Расшумелись девочки, на всю тайгу храбрость выказывают!
– Так-то так, да ведь уговор нарушу: в гости зазвал, в тайгу завёл, а сам убёг! – Дед провёл ладонью по бритой щеке, поглядел на них. – Тайга, Тихоныч, сам знаешь, хоть и смирная, а с ней ладить надо… – И почти просительно: – Я уж ненадолго, пронесёт беду, я тут же ворочусь. – Ружьё оставлю наилучшее, пороху, пыжи. Нож мой заправский, с ним хоть на кабана-секача. Припасов должно бы хватить, ежели внученьки бурундукам не скормят. Тут этих кузь набежит цельная дивизия!
И он поглядел на сестёр.
Лера, опустив глаза, усиленно фукала на картофелину. Неудобно, порядок нарушила. А Уля, отставив свою кружку, смело встретила взгляд деда Савоси. Она даже подула на волосы, набежавшие на лоб, чтобы лучше видеть деда.
Хитрющий же вы, дедушка: лежите себе в спальном мешке, затылок на чурке, глаза закрытые, храпите так, что ветки качаются, сами не шевелитесь, а всё примечаете! Приметили, как Уля вынесла из сайбы горбушку хлеба и как вернулась и разбудила Леру, приметили, как они вдвоём сидели на досках, уткнувшись взглядом в кучу валежника, а бурундук всё не шёл…
– Я к тому, – повторил дед Савося, – шутковать с тайгой, хотя она и смирная, дело не подходящее. И дальше, чем приказано, ходить не след. И не озоровать тута… Что ж, ежели так решили, ежели идти, так уж дотемна…
– А я заодно, Севастьян Петрович, – как-то неуверенно сказал папа. – Я письмо с вами, если почта работает…

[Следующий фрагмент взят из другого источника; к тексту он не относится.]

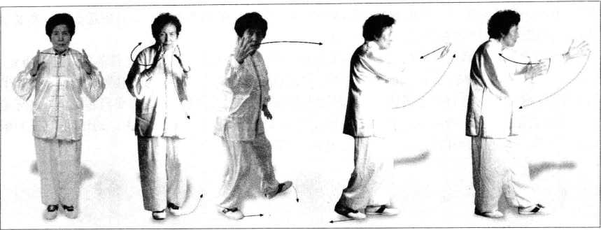 动作的关键在于三通背(左手在前)后转,变为右手在前的过程,两手要如托住重物向自己 的身后捋,但不是用手向后拉,而是舍己从人用身体找手,同时身体向右转180度,转动要灵活, 总要两腿弯曲着。身体的运动方向和手的运动方向不同,就好似是从自已的手下钻过去一样,此 式几节要一气呵成,不可滞涩。

И бегом в сайбу. Дед глянул вслед и вздохнул.
Когда короткая распахнутая куртка деда, блестящий ствол его ружья и фуражка без козырька замелькали на кривой тропе, за черёмушником, у младшей запершило в горле. Сколько же забот у дедушки: о бабушке Фёкле заботиться, о детях и внуках в разных городах думай, с ними возись, с гостями, а ещё тайга, все звери, все птицы, все деревья – вот у него сколько забот-хлопот, у деда Савоси с его седой, коротко стриженной головой… Да ещё не на своих ногах ходи!
– Дедушка! – крикнула Уля вниз, неизвестно куда – на шорох и слабое шевеление ветвей вдоль петляющей по угору тропы.

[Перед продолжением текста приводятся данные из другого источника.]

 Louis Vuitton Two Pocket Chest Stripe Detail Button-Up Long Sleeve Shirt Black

– Ну, чего ещё? – отозвался снизу глуховатый, как далёкое барабанное эхо, голос. – Чего надумали? Пряников вам? Мармеладу? Не забуду!
– Дедушка, ты там… не шуткуй с речкой… Поглядывай… Нам без тебя скучно, слышь, дедушка!

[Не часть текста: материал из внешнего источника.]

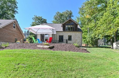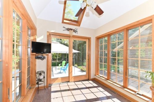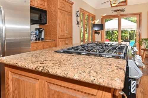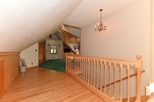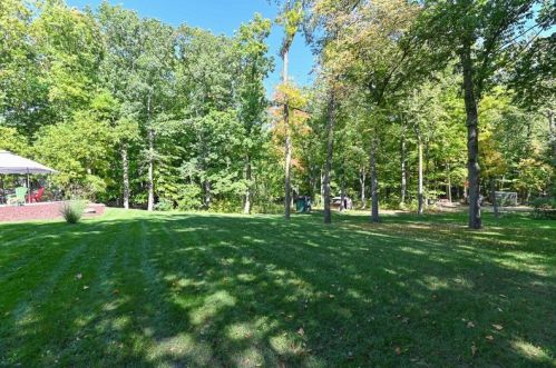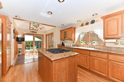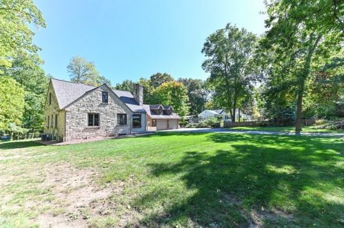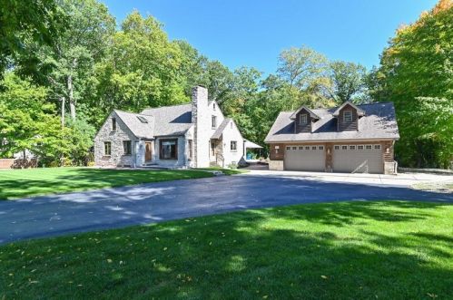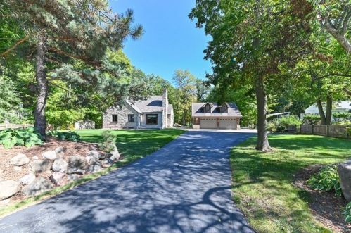 The property has a stone facade, detached garage and full basement on approximately one and a fourth acres lot.

– Не бойсь! – хохотнул дед Савося. – Не дам вам поскучать, ворочусь, музыку и перепляс устроим!
И уже не видно и не слышно деда Савоси. Растворился в тайге, средь листвяг, сосняка, чащобы мелкоберезника и осинника, кедрового стланика и каменных россыпей…
Не сговариваясь, взявшись за руки, сёстры побежали за сайбу, к куче валежника.
– Девчонки! – крикнул вслед папа. – Пробежка, гимнастика, берём полотенца и на ключ – умываться ко сну!
– Сейчас, папа, сейчас… Мы на минуточку!
Они, ступая на цыпочках, почти не дыша, подошли к высокому, толстому пню, стоявшему, как страж, у Кузиного хворостяного домика.
Бледно-жёлтый срез пня глядел на них пустым, круглым и просительным глазом: «Ну-ка, что там ещё у вас для Кузи? Что принесли?»
Всё до крошки подобрал!
Вот так Кузя, молодец, понятливый, небось сидишь в своей норе и дожидаешься утра, свой завтрак на пенёчке представляешь… А мы принесём, это дедушка так просто ворчал.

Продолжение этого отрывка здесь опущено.